Virus fossils that became part of our genetic code millions of years ago may be responsible for certain subtypes of autism, a new study has found. Experiments in mouse models have revealed a possible role for these endogenous viral elements and suggest that this should be a further avenue of research.
The human genome is littered with sequences derived from viruses that infected our ancient ancestors. Called endogenous retroviruses (ERV), these genetic elements represent approximately 8% of our genome and come from the ancestors of modern retroviruses such as HIV.
Most of the time, ERVs remain inactive, silenced by the body’s sophisticated regulatory mechanisms. There have been tentative claims that these sequences may be involved in some cases of sporadic amyotrophic lateral sclerosis (ALS); there is also evidence to suggest that they may play a protective role during embryonic development. Overall, however, they remain largely mysterious relics of our genetic history.
A new study, conducted by an international team led by researchers from Kobe University in Japan, has discovered a possible role for VREs in the development of autism.
The experiments were performed using a mouse model of idiopathic autism, that is, autism without a known genetic or environmental cause. Brain scans of two different but related strains of mice, called BTBR/J and BTBR/R, revealed structural differences in 33 brain regions. Most striking was in the corpus callosum, the bundle of nerves that connects the two hemispheres of the brain together.
Further investigations revealed that BTBR/R mice had significantly higher levels of VREs compared to non-autistic mice, and genetic analysis suggested that these VREs had been activated. The authors suggest this is due to a breakdown in the mechanisms that typically keep VREs sitting quietly in the genome, and found that activation leads to an increase in copy number variants (CNVs) – repeated genetic sequences whose number varies from individual to individual – in autistic mice. The study concluded that activating the VRE during fetal development could increase the likelihood of autism.
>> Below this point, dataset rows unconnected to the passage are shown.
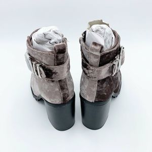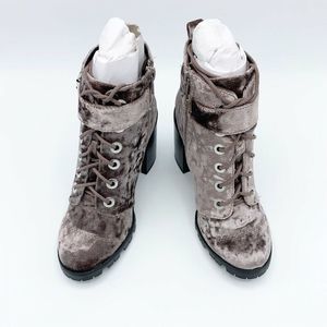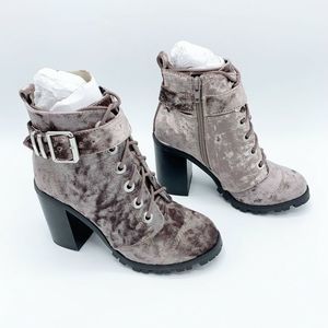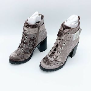 Qupid Velvet Ankle Boots Block Heel Lace Up Buckle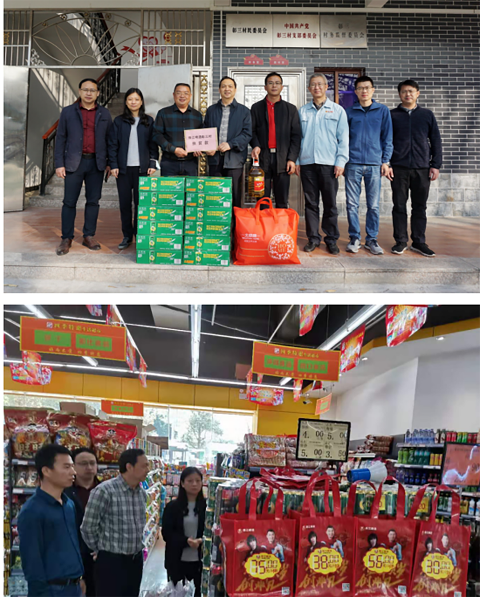 2021年1月27日,珠啤股份党委副书记、工会主席吴家威,总工程师涂京霞及梅州公司领导班子成员前往对口帮扶的咸和村、彰三村慰问驻村干部和村委会成员,并送上扶贫款和春节慰问品。随后驱车前往河源市,走访东南事业部销售市场。
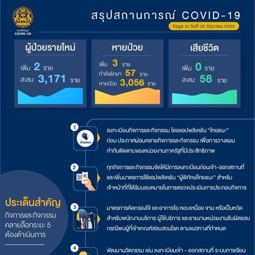 สรุปสถานการณ์ COVID-19 ข้อมูล ณ วันที่ 30 มิถุนายน 2563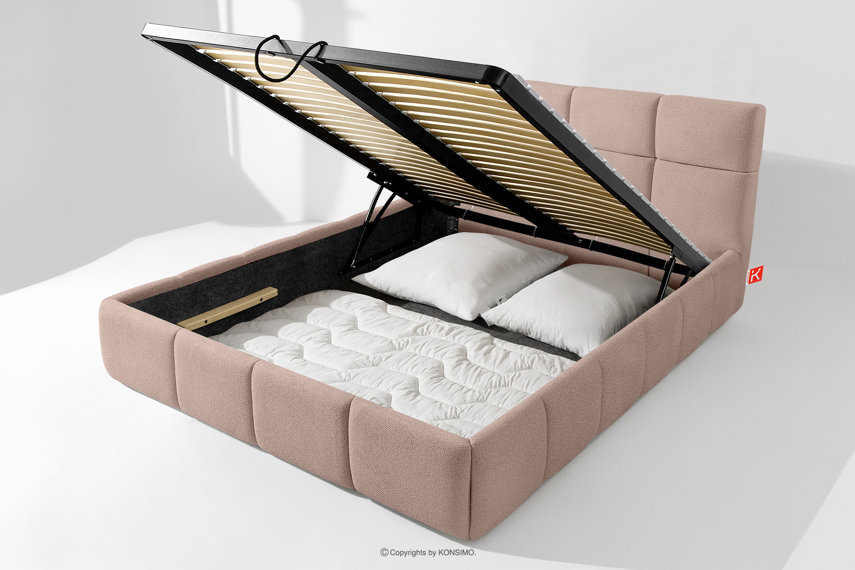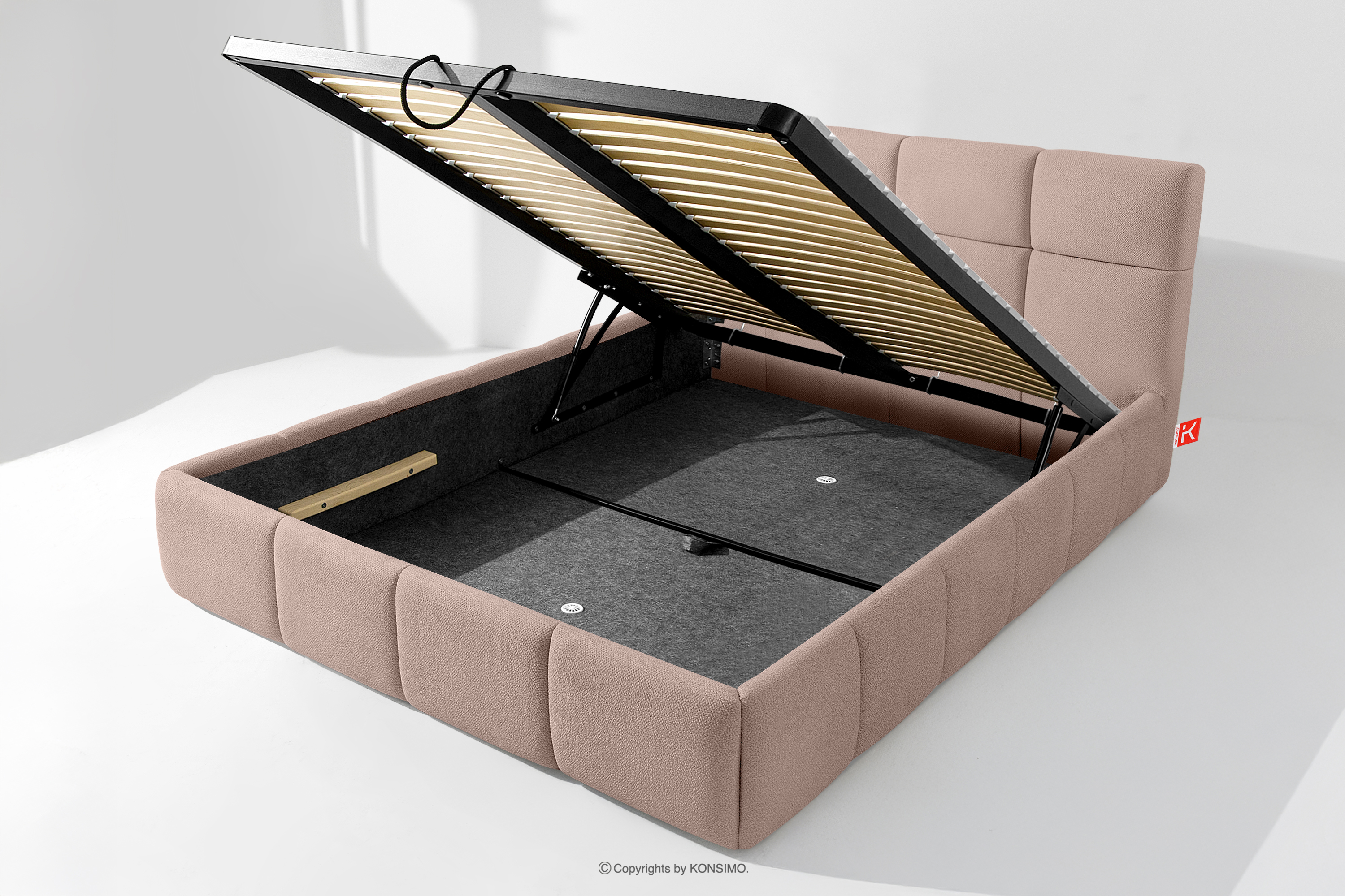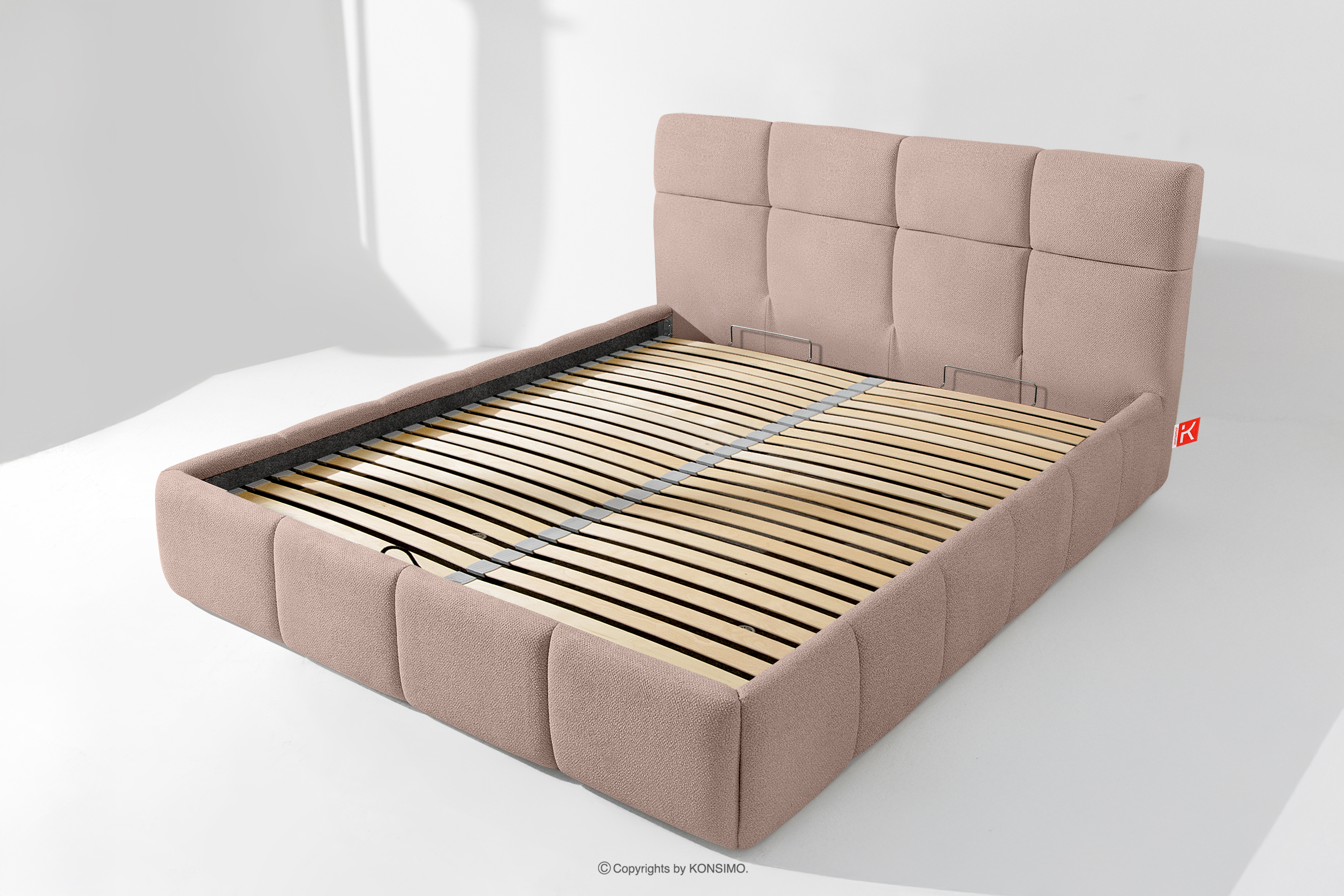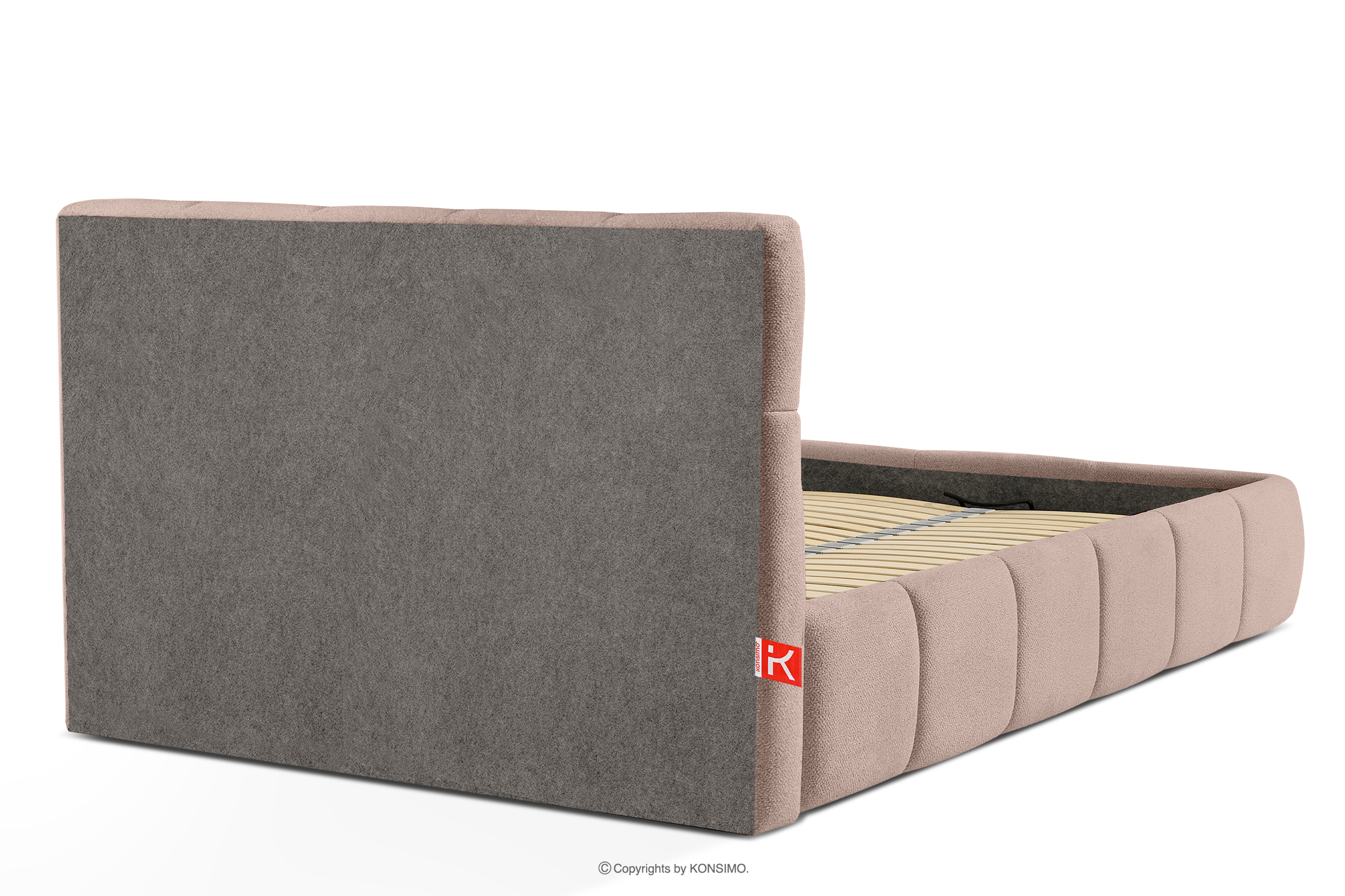 Das 140 cm lange Polsterbett im skandinavischen Stil in Rosa verbindet minimalistisches Design mit maximalem Komfort. Seine einzigartige Form lässt es nicht nur bemerkenswert aussehen, sondern bietet auch Komfort auf höchstem Niveau. Das Bett ist mit einem stabilen Rahmen aus flexiblen Holzlatten ausgestattet, die die Matratze optimal stützen und sich den natürlichen Bewegungen des Körpers anpassen.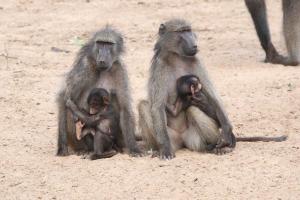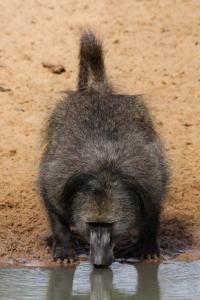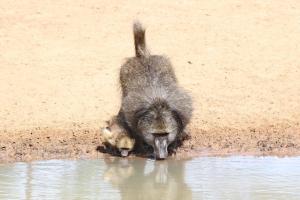 We spent quite a few hours at the kuMasinga Hide each day. The birding was best here and there was a constant stream of Nyala, Zebra, Wildebeest, Warthogs, Impala, Baboons and an occasional Kudu. Playful Baboons came for water and then played all round the hide. A few even ventured onto the roof of the hide and ran back and forth slip sliding as they went.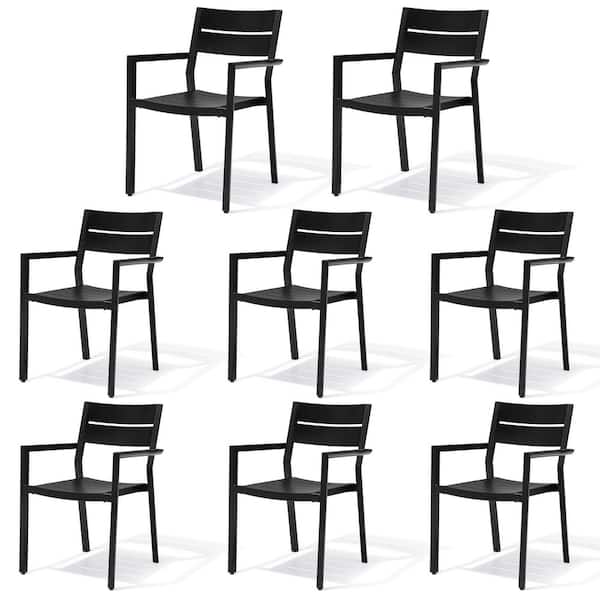 Patio Stackable Aluminum Outdoor Dining Chairs in Black Set of 8, with Arms

The team also performed extensive behavioral tests on their two different groups of autistic mice. BTBR/R mice displayed less anxiety than BTBR/J mice. They also performed almost as well as neurotypical mice in a maze test (similar to the one in the video below), showing that they have an almost typical level of spatial learning ability. However, the BTBR/R mice also showed more repetitive behaviors and less willingness to interact socially with other mice, which the researchers call the “core symptoms” of autism.
Links between the corpus callosum and autism have already been established. However, what the researchers found intriguing here was that the BTBR/R mice – which had more classic autistic behavioral traits – actually had a typical corpus callosum, according to their brain scans.
Therefore, even though these two strains of mice have a common ancestry, they show distinct differences in brain structure and behavior.
The authors suggest that BTBR/R, which is the least used mouse model, is actually a more accurate representation of idiopathic autism, and therefore could be important for future study.
They also point to the need for further research into how VRE activation might predispose individuals to the development of autism, particularly in light of previous research that has found distinctive human VRE signatures in people. autistic. It is hoped that in the future, scientists will be able to build a better classification system for the different types of autism.
“Taken together with the demonstrated roles of VRE in CNV formation, our observation of the two BTBR strains provides a living model to describe how the genome evolves into [autism] susceptibility,” the study concludes.
The study is published in Molecular Psychiatry.